Je pense être un peu sorti du guet en demandant la réouverture et en disant que le secteur était prêt pour cela. Il y a un moment en tant que société où il ne faut pas tomber dans la peur et où, au vu des indicateurs, il faut essayer, quitte à rester plus longtemps dans un round d’observation avant d’assouplir les règles.

Y a-t-il eu des débordements ce week-end ?
J’étais assez dubitatif, mais cela c’est très bien passé d’une manière générale. De plus, nous savons que nous avons une responsabilité envers la profession. Nous ne voulons pas être le mouton noir qui jettera l’opprobre sur le reste des acteurs. Moi, je ne veux pas être responsable d’une mauvaise image qui sera donnée à l’ensemble de la profession. Je ne pense pas que nous soyons dans une dynamique où les cafés pourraient refermer, mais il faut penser que cela pourrait être le cas et rester ferme. Sans rigueur, il n’y a ni discipline ni respect.
Les règles sont plus faciles à faire respecter dans un établissement de restauration qu’à la Kinnekswiss ou sur le parvis des Trois Glands où les gens sont les uns sur les autres avec des dizaines de bouteilles de bière qu’ils laissent traîner derrière eux.
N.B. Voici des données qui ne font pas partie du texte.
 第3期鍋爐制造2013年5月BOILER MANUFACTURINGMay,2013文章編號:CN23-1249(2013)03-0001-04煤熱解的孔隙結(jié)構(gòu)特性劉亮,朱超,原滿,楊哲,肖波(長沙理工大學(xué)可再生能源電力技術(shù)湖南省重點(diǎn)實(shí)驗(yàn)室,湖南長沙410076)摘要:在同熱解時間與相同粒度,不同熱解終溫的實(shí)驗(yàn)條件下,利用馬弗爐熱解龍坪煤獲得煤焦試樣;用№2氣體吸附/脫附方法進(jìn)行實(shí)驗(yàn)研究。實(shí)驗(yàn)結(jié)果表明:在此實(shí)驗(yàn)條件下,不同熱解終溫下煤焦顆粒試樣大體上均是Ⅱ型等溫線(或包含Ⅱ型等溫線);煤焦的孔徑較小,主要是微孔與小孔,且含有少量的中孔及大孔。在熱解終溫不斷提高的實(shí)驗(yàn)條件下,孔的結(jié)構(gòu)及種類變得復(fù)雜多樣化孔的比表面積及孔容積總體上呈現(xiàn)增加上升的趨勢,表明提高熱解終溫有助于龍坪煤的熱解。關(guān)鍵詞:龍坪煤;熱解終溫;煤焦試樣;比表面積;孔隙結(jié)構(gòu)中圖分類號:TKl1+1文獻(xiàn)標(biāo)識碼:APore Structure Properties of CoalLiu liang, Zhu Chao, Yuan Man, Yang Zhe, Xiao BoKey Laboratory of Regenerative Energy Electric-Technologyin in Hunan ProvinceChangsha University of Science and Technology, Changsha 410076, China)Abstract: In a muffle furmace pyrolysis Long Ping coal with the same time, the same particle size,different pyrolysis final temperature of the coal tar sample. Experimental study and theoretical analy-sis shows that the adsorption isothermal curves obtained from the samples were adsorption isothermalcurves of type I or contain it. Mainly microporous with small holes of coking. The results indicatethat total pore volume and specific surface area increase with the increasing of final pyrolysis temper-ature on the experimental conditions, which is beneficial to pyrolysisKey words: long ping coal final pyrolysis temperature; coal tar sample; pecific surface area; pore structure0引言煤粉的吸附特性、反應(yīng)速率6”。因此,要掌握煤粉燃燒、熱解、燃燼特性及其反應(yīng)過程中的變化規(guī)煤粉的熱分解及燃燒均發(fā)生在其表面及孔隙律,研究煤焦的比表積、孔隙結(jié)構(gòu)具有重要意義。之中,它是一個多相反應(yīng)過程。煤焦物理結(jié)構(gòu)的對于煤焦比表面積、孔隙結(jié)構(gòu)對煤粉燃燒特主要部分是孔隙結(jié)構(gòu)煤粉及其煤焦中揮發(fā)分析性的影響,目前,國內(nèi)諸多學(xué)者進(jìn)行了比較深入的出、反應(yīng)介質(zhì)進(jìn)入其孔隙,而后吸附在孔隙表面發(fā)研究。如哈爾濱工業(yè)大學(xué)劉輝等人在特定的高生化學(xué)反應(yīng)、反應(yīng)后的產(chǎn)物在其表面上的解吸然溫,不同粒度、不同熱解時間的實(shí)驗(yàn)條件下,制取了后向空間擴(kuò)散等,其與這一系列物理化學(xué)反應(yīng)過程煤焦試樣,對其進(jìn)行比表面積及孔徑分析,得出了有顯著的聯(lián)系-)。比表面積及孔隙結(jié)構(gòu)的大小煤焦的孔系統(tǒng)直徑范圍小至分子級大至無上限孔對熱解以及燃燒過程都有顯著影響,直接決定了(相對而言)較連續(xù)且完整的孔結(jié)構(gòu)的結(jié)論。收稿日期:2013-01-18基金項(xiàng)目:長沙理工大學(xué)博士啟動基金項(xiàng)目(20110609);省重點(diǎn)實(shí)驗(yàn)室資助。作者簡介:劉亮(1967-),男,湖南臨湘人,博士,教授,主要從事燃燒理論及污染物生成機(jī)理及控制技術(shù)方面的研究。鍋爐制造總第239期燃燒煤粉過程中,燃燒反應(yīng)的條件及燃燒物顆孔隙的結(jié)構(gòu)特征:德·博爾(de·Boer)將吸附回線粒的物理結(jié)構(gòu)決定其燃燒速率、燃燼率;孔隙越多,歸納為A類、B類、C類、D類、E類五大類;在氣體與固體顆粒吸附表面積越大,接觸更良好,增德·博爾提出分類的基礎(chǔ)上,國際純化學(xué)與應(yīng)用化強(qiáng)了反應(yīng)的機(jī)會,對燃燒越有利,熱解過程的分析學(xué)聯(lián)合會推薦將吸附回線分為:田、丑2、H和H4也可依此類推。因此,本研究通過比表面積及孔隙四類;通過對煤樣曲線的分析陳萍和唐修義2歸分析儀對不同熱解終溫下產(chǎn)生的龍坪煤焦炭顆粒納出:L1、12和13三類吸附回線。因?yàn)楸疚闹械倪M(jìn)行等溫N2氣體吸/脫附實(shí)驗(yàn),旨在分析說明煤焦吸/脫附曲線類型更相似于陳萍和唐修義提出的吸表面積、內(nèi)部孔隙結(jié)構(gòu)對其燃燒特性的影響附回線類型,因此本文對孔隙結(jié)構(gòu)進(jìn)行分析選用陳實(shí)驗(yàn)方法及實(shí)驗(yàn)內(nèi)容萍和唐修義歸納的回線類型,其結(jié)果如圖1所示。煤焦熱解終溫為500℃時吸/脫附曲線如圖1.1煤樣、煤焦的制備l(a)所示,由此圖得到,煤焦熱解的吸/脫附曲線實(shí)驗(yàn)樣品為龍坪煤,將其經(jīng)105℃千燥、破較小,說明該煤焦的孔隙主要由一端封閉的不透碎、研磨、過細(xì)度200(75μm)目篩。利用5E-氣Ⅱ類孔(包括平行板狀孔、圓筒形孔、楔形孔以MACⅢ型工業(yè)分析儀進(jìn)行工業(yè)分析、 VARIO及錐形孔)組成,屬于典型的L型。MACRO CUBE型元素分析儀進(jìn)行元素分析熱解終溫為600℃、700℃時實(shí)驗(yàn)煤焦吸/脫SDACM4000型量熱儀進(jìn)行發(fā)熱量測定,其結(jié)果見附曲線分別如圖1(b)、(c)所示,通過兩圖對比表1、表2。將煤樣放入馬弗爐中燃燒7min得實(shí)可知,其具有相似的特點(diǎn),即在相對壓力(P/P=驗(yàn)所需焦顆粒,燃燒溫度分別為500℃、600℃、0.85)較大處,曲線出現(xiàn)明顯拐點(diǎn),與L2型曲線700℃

C’est une catastrophe! Les Trois Glands sont le domaine de l’État, pas de la Ville. Pourtant, ils devraient se concerter pour envoyer la police. Nous respectons des règles du jeu qui dès qu’on sort des terrasses ne sont plus valables. C’est extraordinaire, ces différences de traitement entre l’espace public et les espaces commerciaux.